An innovative method for treating type 1 diabetes based on transplantation of hematopoietic stem cells obtained from the patient's bone marrow started undergoing testing in Brazil more than a decade ago.

The results were variable. While some volunteers were able to stop self-injecting insulin for more than a decade, others had to resume use of the medicine only a few months after receiving the experimental treatment.

One possible explanation for this variation in the outcome for the 25 patients who participated in the research study was presented in an article which was published recently in the journal Frontiers in Immunology.

According to the authors, the duration of the therapeutic effect was less in participants whose immune systems had attacked the pancreatic cells aggressively in the pre-transplantation period.

This research study was conducted at the Center for Cell-Based Therapy in Brazil. It was led by Julio Voltarelli, an immunologist, who expired in March 2012. Maria Carolina de Oliveira Rodrigues and Belinda Pinto Simões took over the reins of leadership after Voltarelli's death.
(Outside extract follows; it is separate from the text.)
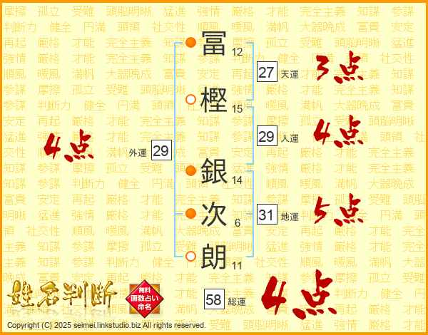 冨(12画)樫(15画) 銀(14画)次(6画)朗(11画)

"Because type 1 diabetes is an autoimmune disease, the aim of the treatment is to 'switch off' the immune system temporarily using chemotherapy drugs and 'restart' it by means of the transplantation of autologous hematopoietic stem cells, which can differentiate into every kind of blood cell," Rodrigues explained.
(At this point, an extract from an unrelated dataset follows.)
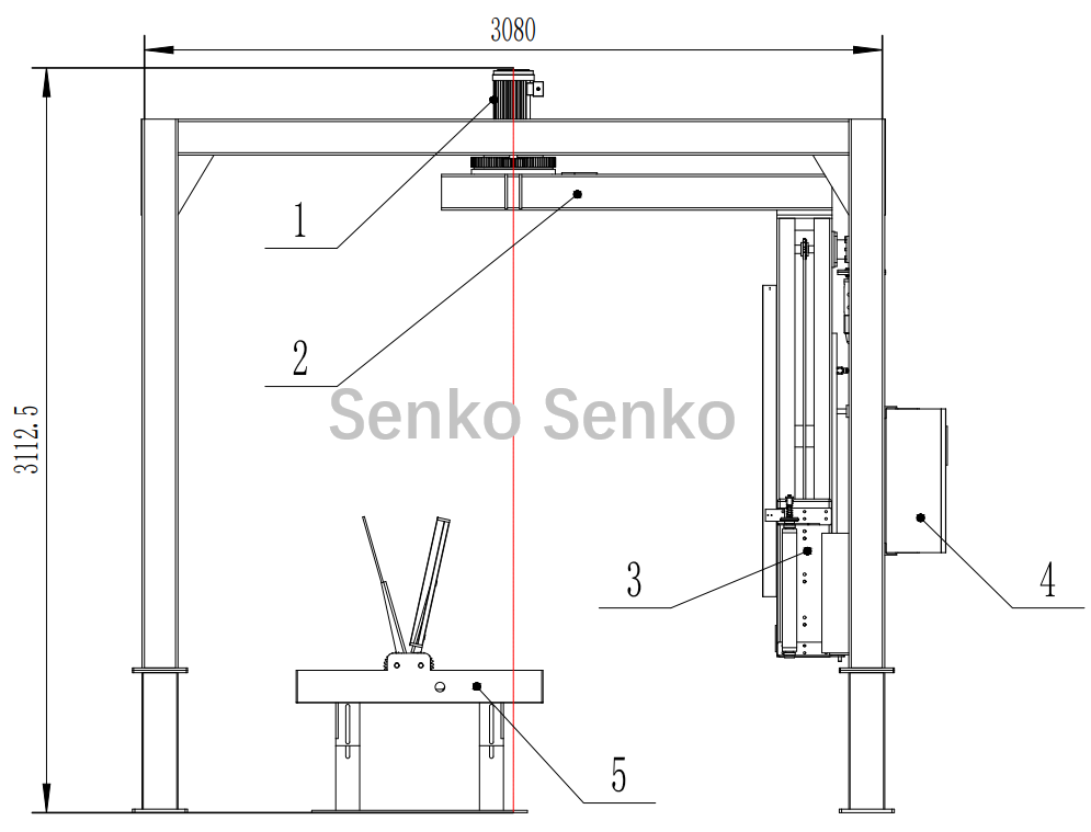 | 1, Motor rotatorio | 2, Bastidor giratorio | 3, Bastidor de elevación | 4, Gabinete de control electrónico | 5, cortador de película |

By the time the symptoms of type 1 diabetes begin to show, she added, around 80 percent of the patient's pancreatic islets have already been damaged. If the remaining cells are protected by interrupting autoimmune aggression at this point, the patient can produce insulin, but in small amounts.

"Studies with animals and diabetic humans suggest the percentage of insulin-producing cells declines sharply, reaching almost zero between six and eight weeks after diagnosis. Our center has therefore set a six-week limit for patients to start the transplantation process," said Rodrigues.

25 patients aged between 12 years and 35 years were initially included in the study. The therapeutic effect has lasted an average of 42 months, but ranges overall from 6 months to 12 years, the longest follow-up period so far. 3 patients are completely insulin-free. 1 person has been insulin-free for 10 years, another for 11, and the third for 12.

What Does the Future Hold?

Scientists have formed liver cells from some sources of mesenchymal stem cells but these cells have not been applied clinically yet. They are also working to create stem cells differentiated along the pancreatic line as a possible cure for diabetes, but no line has been well established.


  • A stem cell can develop into other cells.
  • Bone marrow transplant is the most prevalent stem-cell therapy.
  • Many medical conditions can be treated with stem cell therapy.
  • Stem cells can differentiate into cells needed to repair heart and blood vessels.
  • Stem cell therapy is used to treat Parkinson’s disease.

Stem cell therapy has the potential to treat a multitude of diseases and illnesses, which up until now have been labelled 'incurable.